> _Source information_:
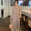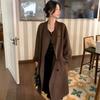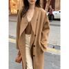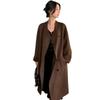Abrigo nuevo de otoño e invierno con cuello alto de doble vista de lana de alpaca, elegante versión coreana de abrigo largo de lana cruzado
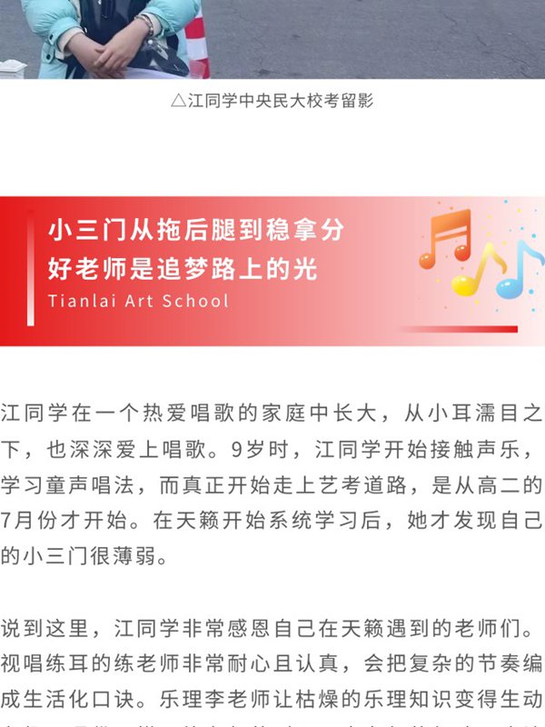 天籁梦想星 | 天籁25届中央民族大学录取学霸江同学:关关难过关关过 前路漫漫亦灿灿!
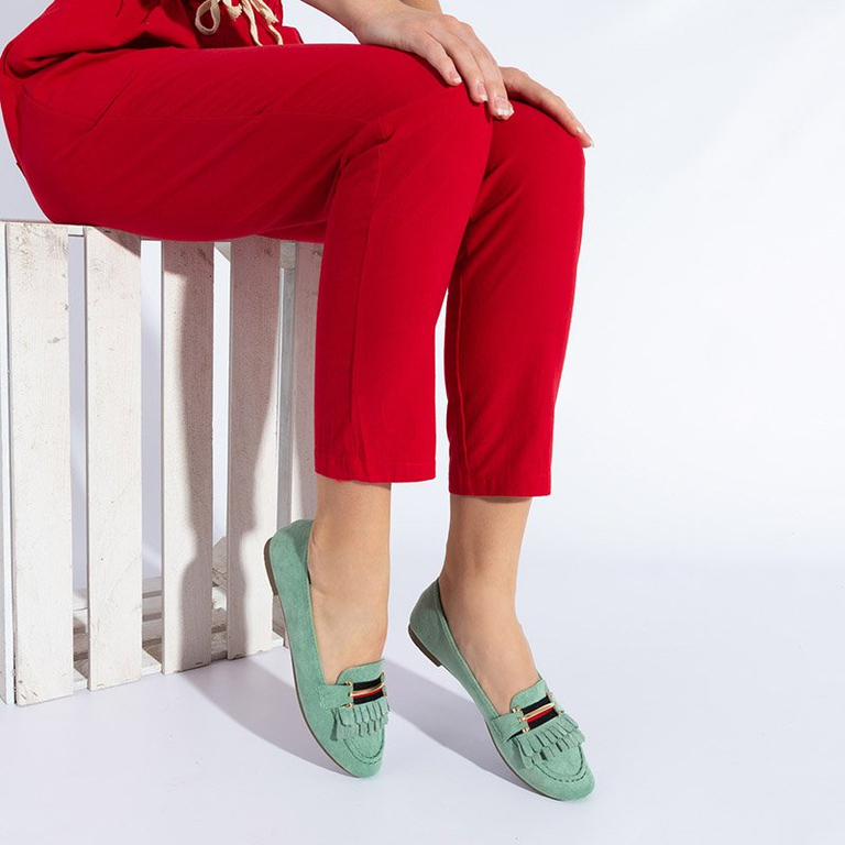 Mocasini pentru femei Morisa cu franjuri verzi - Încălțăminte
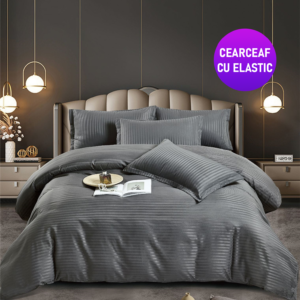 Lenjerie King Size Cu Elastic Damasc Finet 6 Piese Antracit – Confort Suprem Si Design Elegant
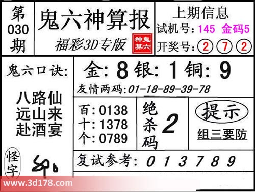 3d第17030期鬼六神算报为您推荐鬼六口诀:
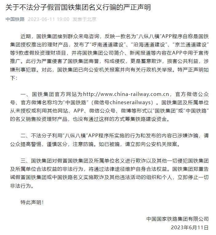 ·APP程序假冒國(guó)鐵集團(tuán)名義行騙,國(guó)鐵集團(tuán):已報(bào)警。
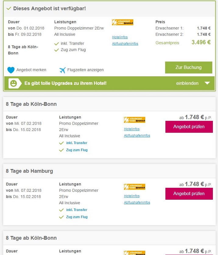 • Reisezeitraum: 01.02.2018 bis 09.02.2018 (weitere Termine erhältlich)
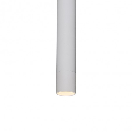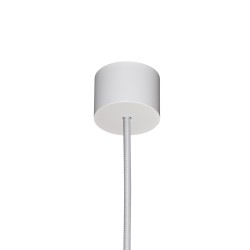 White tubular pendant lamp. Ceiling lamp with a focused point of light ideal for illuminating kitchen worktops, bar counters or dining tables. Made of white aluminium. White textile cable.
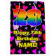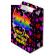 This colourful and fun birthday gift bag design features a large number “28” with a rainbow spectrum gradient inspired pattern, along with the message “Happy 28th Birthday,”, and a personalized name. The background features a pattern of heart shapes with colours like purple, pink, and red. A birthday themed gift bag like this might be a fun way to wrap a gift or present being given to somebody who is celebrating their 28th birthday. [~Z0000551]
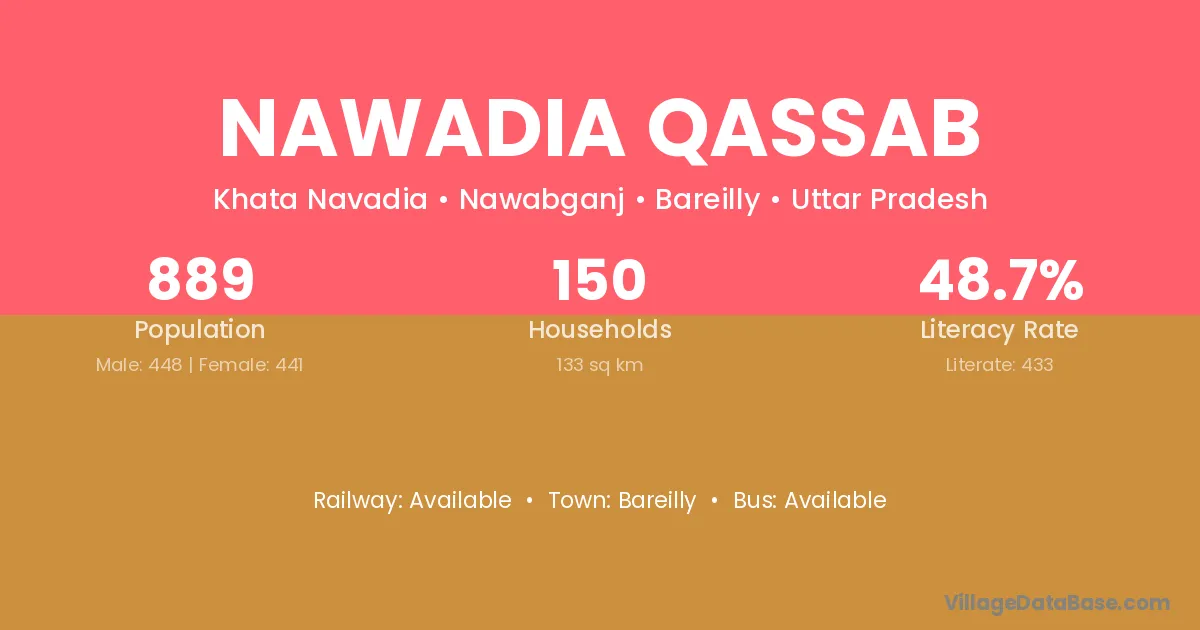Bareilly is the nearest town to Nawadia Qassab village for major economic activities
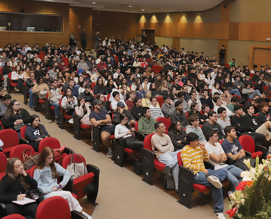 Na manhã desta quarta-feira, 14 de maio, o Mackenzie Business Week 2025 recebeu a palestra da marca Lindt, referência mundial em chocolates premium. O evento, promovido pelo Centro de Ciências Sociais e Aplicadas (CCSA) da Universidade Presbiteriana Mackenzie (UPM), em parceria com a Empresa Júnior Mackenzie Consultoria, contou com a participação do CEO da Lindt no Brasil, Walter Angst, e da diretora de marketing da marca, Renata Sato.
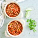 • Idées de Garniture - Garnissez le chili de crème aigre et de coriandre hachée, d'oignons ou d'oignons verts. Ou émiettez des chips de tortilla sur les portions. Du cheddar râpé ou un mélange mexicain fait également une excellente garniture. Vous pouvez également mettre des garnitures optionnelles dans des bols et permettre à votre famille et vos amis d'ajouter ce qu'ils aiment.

> _About this exercise_:
Output verbatim the lines beginning at the line with "Na manhã desta" and ending at the last line of the material above, inclusive. Do not carry over any pictures.

> _Finished exercise_:
 Na manhã desta quarta-feira, 14 de maio, o Mackenzie Business Week 2025 recebeu a palestra da marca Lindt, referência mundial em chocolates premium. O evento, promovido pelo Centro de Ciências Sociais e Aplicadas (CCSA) da Universidade Presbiteriana Mackenzie (UPM), em parceria com a Empresa Júnior Mackenzie Consultoria, contou com a participação do CEO da Lindt no Brasil, Walter Angst, e da diretora de marketing da marca, Renata Sato.
 • Idées de Garniture - Garnissez le chili de crème aigre et de coriandre hachée, d'oignons ou d'oignons verts. Ou émiettez des chips de tortilla sur les portions. Du cheddar râpé ou un mélange mexicain fait également une excellente garniture. Vous pouvez également mettre des garnitures optionnelles dans des bols et permettre à votre famille et vos amis d'ajouter ce qu'ils aiment.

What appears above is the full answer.